High earners 'can expect relaxing retirement but stress rises for lower paid'

Three senior girlfriends having fun in the park
Three senior girlfriends having fun in the park

People in high-status jobs can look forward to years of relaxing, stress-free retirement - but the same may not be true for those at the other end of the pay scale, new research has shown.

Health inequalities between the haves and have-nots do not narrow for pensioners, despite the higher stress levels associated with lower-grade jobs.

Instead, the gap appears to widen after retirement, the study of 1,143 working and retired Whitehall civil servants found.

Hormone tests showed that, on average, those who had recently picked up their pensions appeared to be less stressed than they were in work.

But more detailed analysis revealed that workers in low grade occupations remained more stressed than their top level counterparts after retirement. In fact, their relative stress levels increased.

Lead researcher Professor Tarani Chandola, from the University of Manchester, said: "It may seem counter-intuitive that stopping low status work which may be stressful does not reduce biological levels of stress.

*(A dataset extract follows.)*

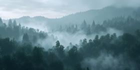 Enveloped in Mist: A Serene Mountain Landscape Shrouded in Clouds

"This may be because workers who retire from low-status jobs often face financial and other pressures in retirement.

"This study suggests that people's stress levels are not just determined by immediate circumstances, but by long run factors over the course of their lives."

Stress can be measured by testing levels of the hormone cortisol in saliva over the course of the day.

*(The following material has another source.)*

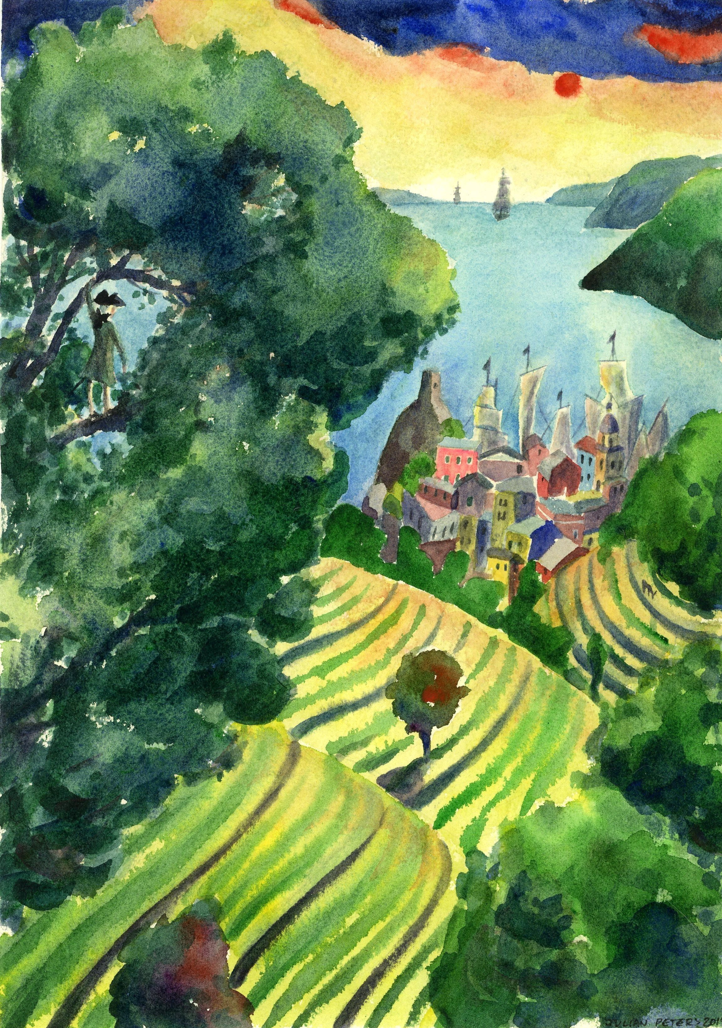 “Cosimo was in the oak. The branches were waving, high bridges above the earth. A light wind was blowing; it was sunny. The sun shone among the leaves, and to see Cosimo we had to shield our eyes with our hands. Cosimo looked at the world from the tree: everything was different seen from up there, and that was already an entertainment. The avenue had a completely different prospect, as did the flower beds, the hydrangeas, the camellias, the small iron table where one could have coffee in the garden. Farther on, the foliage thinned out and the vegetable garden sloped down in small terraced fields supported by stone walls; the low hill was dark with olive groves, and behind, the built-up area of Ombrosa raised its roofs of faded brick and slate, and ships’ flags peeked out from the port below. In the background the sea extended, high on the horizon, and a slow sailing ship passed by.”

Usually, levels of the stress hormone peak around 30 minutes after waking and fall to their lowest point by bedtime. In a stressed person the "diurnal slope" is flatter, so that cortisol levels remain higher at the end of the day.

Having a cortisol pattern that indicates stress is known to increase the risk of dying from heart disease over a period of several years.

For the civil servants' study, published in the Journal of Gerontology, the researchers compared cortisol diurnal slopes between the different groups of workers.

The scientists concluded: "Socio-economic differences in a biomarker associated with stress increase, rather than decrease, around the retirement period.

"These biological differences associated with transitions into retirement for different occupational groups may partly explain the pattern of widening social inequalities in health in early old age."